Department of Informatics, Systems and Communication, University of Milan - Bicocca, Milan, Italy
SYSBIO.IT Centre of Systems Biology, Milan, Italy
Institute of Molecular Bioimaging and Physiology, Italian National Research Council, Cefalù (PA), Italy
Institute of Biomedical Technologies, Italian National Research Council, Segrate (MI), Italy
Department of Human and Social Sciences, University of Bergamo, Bergamo, Italy
Computer Laboratory, University of Cambridge, Cambridge, United Kingdom
DOI
10.7287/peerj.preprints.3246v1
Subject Areas
Bioinformatics, Computational Biology, Artificial Intelligence, Distributed and Parallel Computing, Optimization Theory and Computation
Keywords
Haplotyping, Genetic Algorithms, Evolutionary Strategy, Combinatorial Optimization, Next Generation Sequencing, Chromosome Conformation Capture, Bioinformatics, Computational Biology, High Performance Computing
Copyright
© 2017 Tangherloni et al.
Licence
This is an open access article distributed under the terms of the Creative Commons Attribution License, which permits unrestricted use, distribution, reproduction and adaptation in any medium and for any purpose provided that it is properly attributed.

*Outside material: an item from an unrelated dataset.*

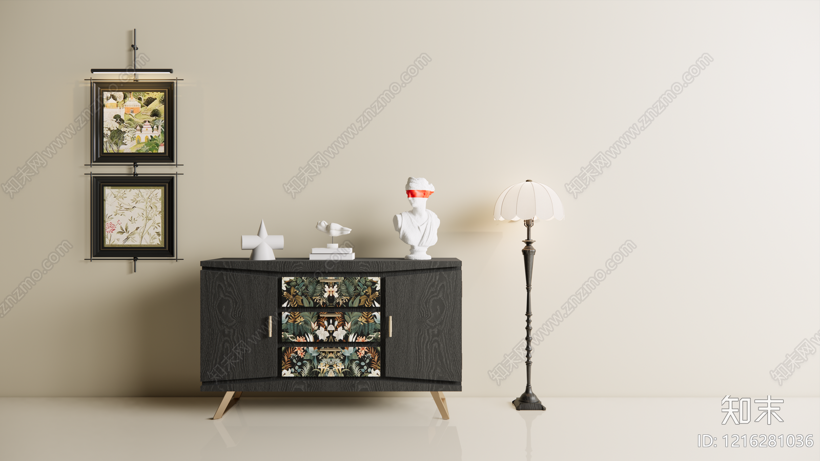 - 中古风玄关柜 现代中古玄关端几 侘寂中古端几挂画 现代中古盆栽台灯 侘寂中古端几盆栽 现代中古窗帘

For attribution, the original author(s), title, publication source (PeerJ Preprints) and either DOI or URL of the article must be cited.
Cite this article
Tangherloni A, Spolaor S, Rundo L, Nobile MS, Merelli I, Cazzaniga P, Besozzi D, Mauri G, Liò P. 2017. GenHap: A novel computational method based on genetic algorithms for haplotype assembly. PeerJ Preprints 5:e3246v1

Abstract

The process of inferring a full haplotype of a cell is known as haplotyping, which consists in assigning all heterozygous Single Nucleotide Polymorphisms (SNPs) to exactly one of the two chromosomes. In this work, we propose a novel computational method for haplotype assembly based on Genetic Algorithms (GAs), named GenHap. Our approach could efficiently solve large instances of the weighted Minimum Error Correction (wMEC) problem, yielding optimal solutions by means of a global search process. wMEC consists in computing the two haplotypes that partition the sequencing reads into two unambiguous sets with the least number of corrections to the SNP values. Since wMEC was proven to be an NP-hard problem, we tackle this problem exploiting GAs, a population-based optimization strategy that mimics Darwinian processes. In GAs, a population composed of randomly generated individuals undergoes a selection mechanism and is modified by genetic operators. Based on a quality measure (i.e., the fitness value), inspired by Darwin’s “survival of the fittest” laws, each individual is involved in a selection process.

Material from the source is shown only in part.